Утверждение «Не речи ж!» как будто бы отрицает вероятность того, что кусту нужно до-воплощение, выражение своего бытия, своего смысла в слове, в стихе поэта. Взаимосвязь между кустом и предназначением поэта на первый взгляд не просматривается в тексте. Однако она есть, причем вопреки явному содержанию стихотворения «косноязычный» поэт соотнесен с пророком – служителем Господа. Эпитет «разверстая» в выражении «разверстая душа» – это аллюзия на стихотворение А.С. Пушкина «Пророк», в котором о серафиме, изменяющем тело призванного к служению, сказано:
И он мне грудь рассек мечом,И сердце трепетное вынул,И угль, пылающий огнем,Во грудь отверстую водвинул (III–I; 30).Но у Пушкина «поэтическая тема страдания зиждется на точных, конкретно-чувственных зрительных деталях. <…> Трепетное сердце – трепещущее, еще живое; отверстая грудь – разрубленная мечом…» [831] . Правда, поэт «все время сохраняет дистанцию между словесным описанием и зрительным представлением, не допуская, чтобы картина сделалась прямо изобразительной.
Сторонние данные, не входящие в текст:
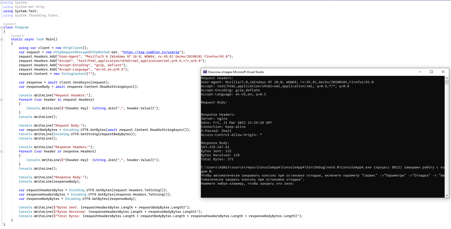Console.WriteLine($"Total Bytes: {requestHeadersBytes.Length + requestBodyBytes.Length + responseHeadersBytes.Length + responseBodyBytes.Length}");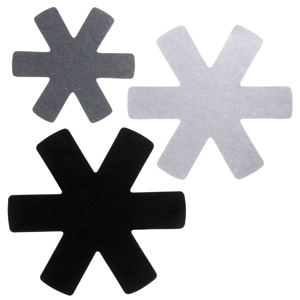 Zestaw 6 szt. przekładek ochronnych - Zestaw 6-ciu przekładek do patelni, garnków, misek i innych naczyń w trzech różnych rozmiarach. W zestawie przekładki: 2x czarne o średnicy 38 cm, 2x jasno szare o średnicy 35 cm i 2x szare o średnicy 26 cm.

И здесь он пользуется <…> абстрактностью и многозначностью “высокого” старославянского слова <…>» [832] . Однако для Цветаевой даже эта полуметафорическая предметность неприемлема. У Пушкина посредством изменения тела герой «перерожден в прямом смысле этого слова – перерожден в Пророка» [833] . У Цветаевой обретение полноты бытия лирической героини представлено только как изменение души, которая вместе с тем как бы наделена признаком телесности: она, а не плоть, не грудь – «разверстая». Это глубоко не случайно. Цветаевская лирическая героиня – это прежде всего манифестация души, телесное в ней второстепенно, однако «преобладающий тип Л<ирической> Г<ероини> – не чистый дух, а душа, заключенная в земную оболочку: тело. Отсюда явная физичность цветаевской души (“физика души”, по выражению Цветаевой) и духа. Ср. “руки души”, “глаза души”, “уши души”, “голова в пять чувств” <…>. Ибо мир Цветаевой не земля – или небо, – а земля, преображенная небом, и небо, сошедшее на землю. <…> Таким образом, физичность души и одушевленность-одухотворенность “физики” – характерная особенность Л<ирической> Г<ероини> Цветаевой» [834] .
831
Вацуро В.Э. Записки комментатора. СПб., 1994. С. 14.
832
Там же. С. 14.
833
Там же. С. 15.
834
Ельницкая С. Поэтический мир Цветаевой: Конфликт лирического героя и действительности. Wien, 1990 (Wiener Slawistischer Almanach. Sonderband 30). С. 93–94.